EXERCISE INPUTS:
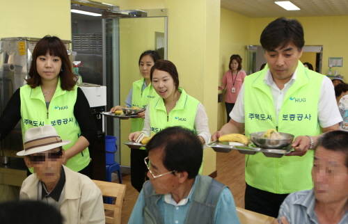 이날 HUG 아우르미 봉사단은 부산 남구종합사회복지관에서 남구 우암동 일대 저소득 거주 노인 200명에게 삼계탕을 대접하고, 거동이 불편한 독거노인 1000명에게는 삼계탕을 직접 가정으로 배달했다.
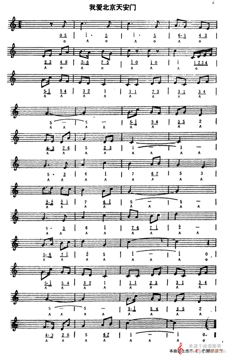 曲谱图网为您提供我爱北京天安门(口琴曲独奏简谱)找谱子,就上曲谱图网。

---

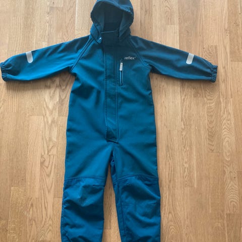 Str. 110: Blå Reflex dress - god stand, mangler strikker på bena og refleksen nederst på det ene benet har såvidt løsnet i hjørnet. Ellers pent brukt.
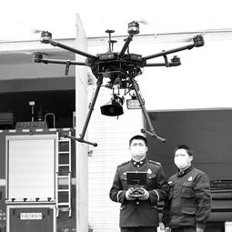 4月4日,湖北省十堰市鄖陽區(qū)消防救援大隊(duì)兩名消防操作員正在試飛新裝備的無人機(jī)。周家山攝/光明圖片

PROBLEM TO SOLVE:
Look above for the line with "이날 HUG 아우르미" and the line with "曲谱图网为您提供我爱北京天安门(口琴曲独奏简谱)找谱子,就上曲谱图网。"; set down those two lines and all lines between them exactly, without pictures and without anything else.

TASK SOLUTION:
 이날 HUG 아우르미 봉사단은 부산 남구종합사회복지관에서 남구 우암동 일대 저소득 거주 노인 200명에게 삼계탕을 대접하고, 거동이 불편한 독거노인 1000명에게는 삼계탕을 직접 가정으로 배달했다.
 曲谱图网为您提供我爱北京天安门(口琴曲独奏简谱)找谱子,就上曲谱图网。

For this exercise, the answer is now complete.